§ **EXERCISE GOAL**: Make an exact copy of the listing below. Pictures stay out of it.

§ **STORED DATA**:
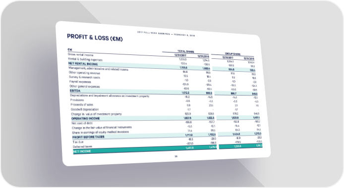 2017 FULL-YEAR EARNINGS — FEBRUARY 8, 2018 PROFIT & LOSS(€M) TOTAL SHARE GROUP SHARE €M 12/31/2017 12/31/2016 12/31/2017 12/31/2016 Gross rental income 1,236.0 1,214.0 1,064.1 1,045.4 Rental & building expenses -130.4 -130.6 -109.3 -111.9 NET RENTALINCOME 1,105.6 1,083.4 954.8 933.4 Management, administrative and related income 85.6 86.5 81.5 82.2 Other operating revenue 10.5 18.4 8.5 16.6 Survey & research costs -1.0 -2.8 -1.0 -2.8 Payroll expenses -124.9 -131.4 -118.1 -124.1 Other general expenses -63.6 -63.4 -60.0 -59.6 EBITDA 1,012.2 990.6 865.7 845.8 Depreciations and impairment allowance on investment property -15.2 -14.8 -14.1 -13.4 Provisions -0.6 -5.2 -0.3 -5.3 Proceeds of sales 6.8 23.5 2.1 7.8 Goodwill depreciation -1.7 - -1.7 - Change in value of investment property 825.9 828.8 678.2 646.6 OPERATING INCOME 1,827.5 1,822.8 1,529.8 1,481.4 Net cost of debt -169.8 -197.7 -155.8 -180.7 Change in the fair value of financial instruments -15.1 -12.1 -14.4 -12.1 Share in earnings of equity method investees 74.4 89.5 64.3 84.5 PROFIT BEFORE TAXES 1,717.0 1,702.6 1,424.0 1,373.0 Taxdue -18.3 -29.0 -15.9 -26.3 Deferred taxes -201.0 -196.6 -179.5 -155.5 NETINCOME 1,497.8 1,476.9 1,228.6 1,191.2 58
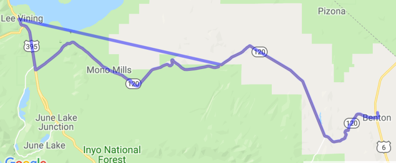 We rijden nog een stuk verder over Route 95 en slaan dan links af de Hwy 266 op richting Benton. Waarom doen we dat? Vanaf Benton naar Mono Lake rijdt je over Roller Coaster Road Hwy 120. Een prachtige route die als een achtbaan door het landschap kronkelt.
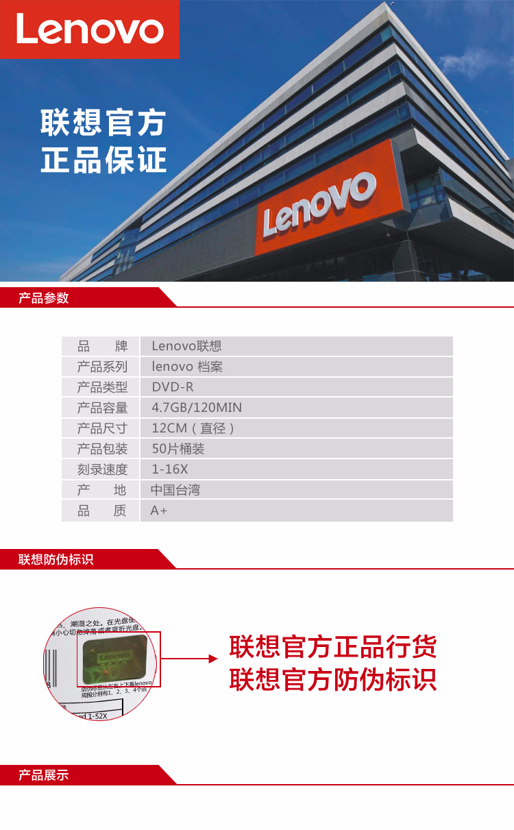 聯(lián)想(Lenovo)DVD-R 光盤 16速4.7GB 桶裝50片

§ **ANSWER AREA**:
 2017 FULL-YEAR EARNINGS — FEBRUARY 8, 2018 PROFIT & LOSS(€M) TOTAL SHARE GROUP SHARE €M 12/31/2017 12/31/2016 12/31/2017 12/31/2016 Gross rental income 1,236.0 1,214.0 1,064.1 1,045.4 Rental & building expenses -130.4 -130.6 -109.3 -111.9 NET RENTALINCOME 1,105.6 1,083.4 954.8 933.4 Management, administrative and related income 85.6 86.5 81.5 82.2 Other operating revenue 10.5 18.4 8.5 16.6 Survey & research costs -1.0 -2.8 -1.0 -2.8 Payroll expenses -124.9 -131.4 -118.1 -124.1 Other general expenses -63.6 -63.4 -60.0 -59.6 EBITDA 1,012.2 990.6 865.7 845.8 Depreciations and impairment allowance on investment property -15.2 -14.8 -14.1 -13.4 Provisions -0.6 -5.2 -0.3 -5.3 Proceeds of sales 6.8 23.5 2.1 7.8 Goodwill depreciation -1.7 - -1.7 - Change in value of investment property 825.9 828.8 678.2 646.6 OPERATING INCOME 1,827.5 1,822.8 1,529.8 1,481.4 Net cost of debt -169.8 -197.7 -155.8 -180.7 Change in the fair value of financial instruments -15.1 -12.1 -14.4 -12.1 Share in earnings of equity method investees 74.4 89.5 64.3 84.5 PROFIT BEFORE TAXES 1,717.0 1,702.6 1,424.0 1,373.0 Taxdue -18.3 -29.0 -15.9 -26.3 Deferred taxes -201.0 -196.6 -179.5 -155.5 NETINCOME 1,497.8 1,476.9 1,228.6 1,191.2 58
 We rijden nog een stuk verder over Route 95 en slaan dan links af de Hwy 266 op richting Benton. Waarom doen we dat? Vanaf Benton naar Mono Lake rijdt je over Roller Coaster Road Hwy 120. Een prachtige route die als een achtbaan door het landschap kronkelt.
 聯(lián)想(Lenovo)DVD-R 光盤 16速4.7GB 桶裝50片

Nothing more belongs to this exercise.